The July/August issue of Law Practice magazine (Volume 36, Number 4) ran an article entitled “Are You At Risk? The Biggest Malpractice Claims Risks and How to Avoid Them,” showing the most common types of malpractice claims in both Canada and the United States. Among these, the ten top-ranking malpractice claims related to the practice of law in the United States are as follows:
- Failure to Know/Apply Law 11.3% of U.S. malpractice claims
- Planning Error 8.9% of U.S. malpractice claims
- Inadequate Discovery/Investigation 8.8% of U.S. malpractice claims
- Failure to File Documents 8.6% of U.S. malpractice claims
- Failure to Calendar 6.7% of U.S. malpractice claims
- Failure to Know Deadline 6.6% of U.S. malpractice claims
- Procrastination 5.9% of U.S. malpractice claims
- Failure to Obtain Client Consent 5.4% of U.S. malpractice claims
- Conflict of Interest 5.3% of U.S. malpractice claims
- Fraud 5.0% of U.S. malpractice claims
Despite the prevalence of these top ten malpractice claims, professional malpractice mediation has been shown to have a significant effect on reducing costs related to professional malpractice lawsuits.

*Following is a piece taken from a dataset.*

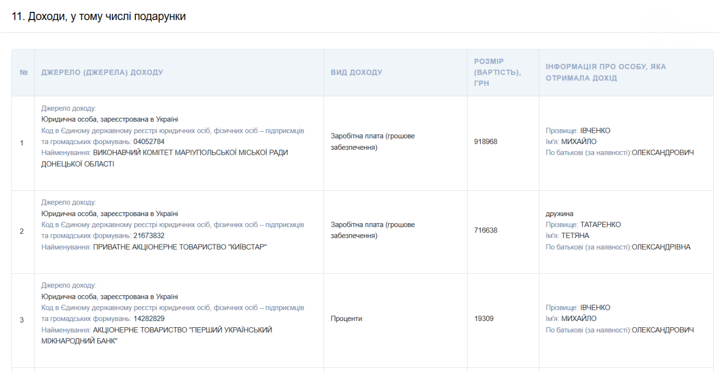 В 2024 году Михаил Ивченко задекларировал 987179 грн заработной платы в исполнительном комитете Мариупольского городского совета. В 2025 году эта сумма составила 918 968 грн . Таким образом, годовой доход должностного лица уменьшился примерно на 68 тысяч гривен.

Additionally, mediating these types of disputes helps to lower the reputational costs of a law practice associated with litigation in these areas. This means that in addition to saving time and money by mediating the claim rather than litigating it, attorneys can also save the reputation of their practice by mediating such claims.
The reason for this is that mediation is a confidential process, as opposed to the very public process of going to court and going through the process of litigation. When a case is mediated, the specifics (and even the claim, itself) is kept between the parties involved in the dispute and the mediator, who remains a neutral, third-party facilitator to the process of working out a satisfactory resolution and remedy to the conflict.